Work required => Starting at the line that contains "川奈スタンドグラス美術館 外観 (イメージ)" and ending at the line that contains "川奈スタンドグラス美術館は、", the lines below are to be given again exactly, with nothing added.

Given data =>

= = = = = = =

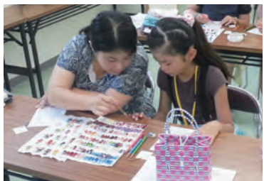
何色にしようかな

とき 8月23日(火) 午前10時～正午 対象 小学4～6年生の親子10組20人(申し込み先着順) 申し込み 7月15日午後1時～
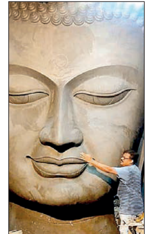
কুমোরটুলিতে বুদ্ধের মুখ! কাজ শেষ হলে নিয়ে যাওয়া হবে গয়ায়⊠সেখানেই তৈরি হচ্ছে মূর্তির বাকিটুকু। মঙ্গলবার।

= = = = = = =

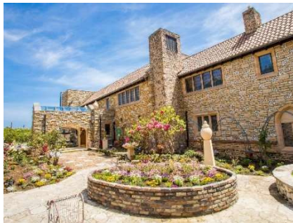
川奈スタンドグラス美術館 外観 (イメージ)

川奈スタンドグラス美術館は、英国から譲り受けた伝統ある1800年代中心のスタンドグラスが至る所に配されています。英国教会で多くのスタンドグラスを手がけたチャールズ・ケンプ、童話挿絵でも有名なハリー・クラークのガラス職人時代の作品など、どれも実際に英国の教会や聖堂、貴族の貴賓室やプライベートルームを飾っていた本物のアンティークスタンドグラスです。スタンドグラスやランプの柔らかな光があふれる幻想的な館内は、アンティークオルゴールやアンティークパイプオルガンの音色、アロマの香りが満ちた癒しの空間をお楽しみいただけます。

= = = = = = =

Answer space =>
川奈スタンドグラス美術館 外観 (イメージ)

川奈スタンドグラス美術館は、英国から譲り受けた伝統ある1800年代中心のスタンドグラスが至る所に配されています。英国教会で多くのスタンドグラスを手がけたチャールズ・ケンプ、童話挿絵でも有名なハリー・クラークのガラス職人時代の作品など、どれも実際に英国の教会や聖堂、貴族の貴賓室やプライベートルームを飾っていた本物のアンティークスタンドグラスです。スタンドグラスやランプの柔らかな光があふれる幻想的な館内は、アンティークオルゴールやアンティークパイプオルガンの音色、アロマの香りが満ちた癒しの空間をお楽しみいただけます。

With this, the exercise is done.